(Records contained in a dataset)
##########

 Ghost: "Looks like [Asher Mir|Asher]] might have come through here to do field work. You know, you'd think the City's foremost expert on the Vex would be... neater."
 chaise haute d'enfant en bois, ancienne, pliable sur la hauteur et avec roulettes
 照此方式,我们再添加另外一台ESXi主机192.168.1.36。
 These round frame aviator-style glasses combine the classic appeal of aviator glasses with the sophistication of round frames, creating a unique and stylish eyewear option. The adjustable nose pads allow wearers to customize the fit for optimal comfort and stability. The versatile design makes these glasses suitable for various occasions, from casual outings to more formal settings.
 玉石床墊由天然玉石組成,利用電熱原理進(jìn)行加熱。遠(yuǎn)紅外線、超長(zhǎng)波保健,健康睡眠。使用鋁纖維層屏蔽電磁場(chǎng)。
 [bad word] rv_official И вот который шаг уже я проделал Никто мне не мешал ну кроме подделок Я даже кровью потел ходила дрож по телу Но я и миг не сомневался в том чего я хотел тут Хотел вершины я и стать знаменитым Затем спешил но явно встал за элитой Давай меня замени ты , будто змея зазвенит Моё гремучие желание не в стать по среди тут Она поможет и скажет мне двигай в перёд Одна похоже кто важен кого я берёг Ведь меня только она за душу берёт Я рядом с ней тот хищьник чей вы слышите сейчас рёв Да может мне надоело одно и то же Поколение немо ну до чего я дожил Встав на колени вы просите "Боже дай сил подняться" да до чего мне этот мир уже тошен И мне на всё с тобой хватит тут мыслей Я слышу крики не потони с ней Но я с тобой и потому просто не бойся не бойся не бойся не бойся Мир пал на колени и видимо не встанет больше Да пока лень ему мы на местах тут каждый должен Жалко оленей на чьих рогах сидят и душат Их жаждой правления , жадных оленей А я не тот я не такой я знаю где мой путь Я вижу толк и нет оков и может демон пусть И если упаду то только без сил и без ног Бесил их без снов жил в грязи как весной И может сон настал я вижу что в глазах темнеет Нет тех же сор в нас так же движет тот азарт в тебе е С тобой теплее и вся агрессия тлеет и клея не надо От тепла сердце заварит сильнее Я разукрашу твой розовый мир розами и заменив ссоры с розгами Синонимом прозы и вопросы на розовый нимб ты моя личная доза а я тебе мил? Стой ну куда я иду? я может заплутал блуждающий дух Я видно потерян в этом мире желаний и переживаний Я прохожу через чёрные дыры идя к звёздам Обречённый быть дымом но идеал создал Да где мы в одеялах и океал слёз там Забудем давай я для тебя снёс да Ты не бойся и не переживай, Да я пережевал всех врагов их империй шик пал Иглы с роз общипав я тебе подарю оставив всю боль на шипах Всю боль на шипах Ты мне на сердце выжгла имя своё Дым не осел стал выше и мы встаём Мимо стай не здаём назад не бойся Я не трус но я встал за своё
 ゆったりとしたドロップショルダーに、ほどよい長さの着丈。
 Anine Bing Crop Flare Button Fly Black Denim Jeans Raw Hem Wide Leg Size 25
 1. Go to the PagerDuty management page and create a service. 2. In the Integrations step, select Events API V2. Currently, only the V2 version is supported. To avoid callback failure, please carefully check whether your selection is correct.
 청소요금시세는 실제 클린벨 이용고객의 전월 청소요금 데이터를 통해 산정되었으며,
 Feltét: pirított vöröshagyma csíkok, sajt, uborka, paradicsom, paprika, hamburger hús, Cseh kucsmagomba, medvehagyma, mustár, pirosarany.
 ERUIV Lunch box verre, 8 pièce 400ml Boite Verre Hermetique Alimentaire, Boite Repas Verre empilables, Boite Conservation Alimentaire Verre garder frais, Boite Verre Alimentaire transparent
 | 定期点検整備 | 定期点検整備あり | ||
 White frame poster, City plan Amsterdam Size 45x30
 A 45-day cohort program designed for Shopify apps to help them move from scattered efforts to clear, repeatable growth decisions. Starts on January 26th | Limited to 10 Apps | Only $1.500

##########

WHAT NEEDS TO BE DONE:
Pull every line containing "City" out of the entries.

RESPONSE FOR THIS EXERCISE:
 Ghost: "Looks like [Asher Mir|Asher]] might have come through here to do field work. You know, you'd think the City's foremost expert on the Vex would be... neater."
 White frame poster, City plan Amsterdam Size 45x30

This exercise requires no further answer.